Comparative Politics



B12 - Voters, Parties, and Elections

Date: Jun 13 | Time: 12:00pm to 01:30pm | Location:

Racial Identity and Attitudes among the North American White Working Class: Lewis Krashinsky (Princeton University), Chris Achen (Princeton University)
Abstract: Across the American Midwest, white working-class voters have shifted their electoral support to Donald Trump and the Republican Party. However, directly to the north, white working-class voters across Ontario have remained much more supportive of left-wing parties. To what extent is this comparative divergence in electoral behaviour traceable to differences in white racial identity and racial attitudes? This paper utilizes a mixed-methods approach to investigate this question. It analyzes interview evidence from selected case studies in Windsor, Ontario and Macomb County, Michigan; original survey data; and an original conjoint experiment. This paper has several major findings. First, experimental evidence shows that non-white political candidates receive a greater electoral penalty from American white working-class voters. Second, white racial identity and racial resentment have a strong, positive association with right-wing voting in both countries, but the magnitude of this effect is larger for American white working-class voters. Third, qualitative evidence suggests that racial attitudes and racial divisions are more salient in Macomb County relative to Windsor. Finally, while these results are driven in part by the differing actions of right-wing political elites, they also evidently reflect attitudinal differences in the populations. This paper concludes that Canadian scholarship must pay closer attention to how racial attitudes and identity affect voting behaviour.

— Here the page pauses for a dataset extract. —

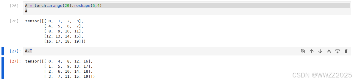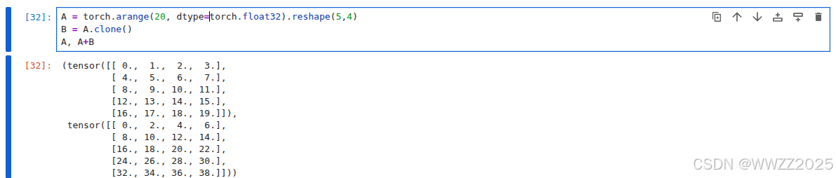 A = torch.arange(20, dtype=torch.float32).reshape(5,4) B = A.clone() A, A+B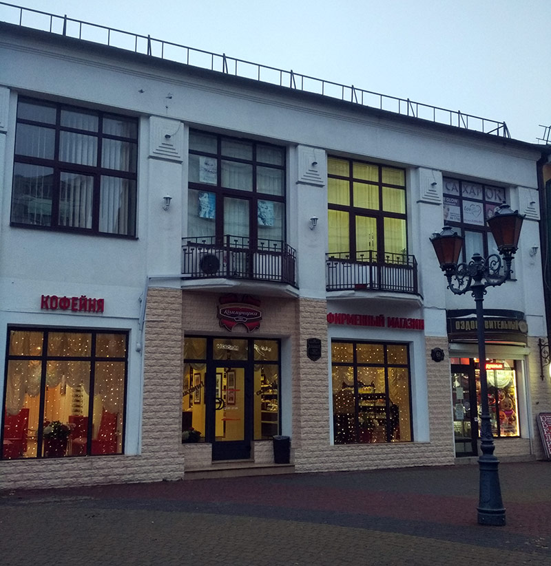 Et quand vous en avez marre du shopping, vous pouvez prendre un café avec un dessert ou une tasse de chocolat chaud au café Kommunarka, également une marque biélorusse, mais déjà chocolatée.

Forecasting in New Democracies: Vote Intention Polling and Vote Expectation Polling in Central America: Brian Thompson Collart (Université Laval), Yannick Dufresne (Université Laval)
Abstract: Previous research demonstrates citizens can predict election outcomes with success. However, the bulk of research on citizen election forecasting covers only those elections occurring in advanced democracies. This study examines the accuracy of citizen election forecasting in Central America, a previously unstudied region by researchers. Since 1984, the CID Gallup firm has fielded surveys in Central America containing citizen forecasting items. These items ask citizens in Central American countries to predict the next president of their country. In this paper, we compare the performance of two types of election forecasting models in Central America: Vote intention polling and vote expectation polling. We evaluate each model along two measures of accuracy. We expect vote expectation polling in Central America to compare favourably to vote intention polling.


The Rural-Urban Cleavage in US Presidential and Congressional Elections: Stability and Change: Valentin Pautonnier (Université de Montréal), Ruth Dassonneville (Université de Montréal), Richard Nadeau (Université de Montréal), Michael Lewis Beck (University of Iowa)
Abstract: Voting behavior in US elections seems increasingly characterized by an important ruralurban divide in voting behavior, with rural voters supporting the Republican Party and urban voters preferring to vote for the Democratic Party. While we are rapidly gaining insights into the sources of this divide, with much work seeking to better understand why rural voters turn to the Republican Party, we know less about the uniqueness of this divide, both from a longitudinal perspective and in contrast to other important divides in US politics. In this research note, we contextualize the rural-urban cleavage in two important ways. First, we show that the rural-urban cleavage was exceptionally large in 2016 and 2020, both for Presidential but also Congressional elections. Second, we show that even in those elections for which the rural-urban divide is very stark, the strength of the rural-urban cleavage is only a fraction of that of the race and religious cleavages in US politics. Third, a text analysis of debates and plateforms shows that Republicans did not need to make a specigic appeal to rurality to increase their advantage in rural areas.


Where Has Voting Behavior Nationalized? Evidence from Election Results and Surveys in Eleven Countries: Daniel Hopkins (University of Pennsylvania), Frederik Hjorth (University of Copenhagen), Gall Sigler (University of Pennsylvania)
Abstract: In recent decades, U.S. voting behavior has nationalized: subnational vote choices increasingly reflect national allegiances. Such nationalization can undermine political accountability, with particular consequences in decentralized/federalist countries. But to understand nationalization's causes, it is critical to study multiple democracies. We link subnational and national election returns in ten European and American democracies with varying centralization. We then develop a novel nationalization measure based on correlations in party support across governmental levels. In most countries, cross-level nationalization has been steady for decades, often at high levels. The nationalization of American voting behavior has reached comparably high levels, meaning that America is no longer an outlier. Coupled with thirteen surveys in nine overlapping countries, these findings challenge monocausal explanations of nationalization, including those emphasizing changing media markets. However, lower subnational authority, broadband penetration, less fragmented party systems, and contemporaneous elections are tentatively associated with heightened nationalization, often within countries.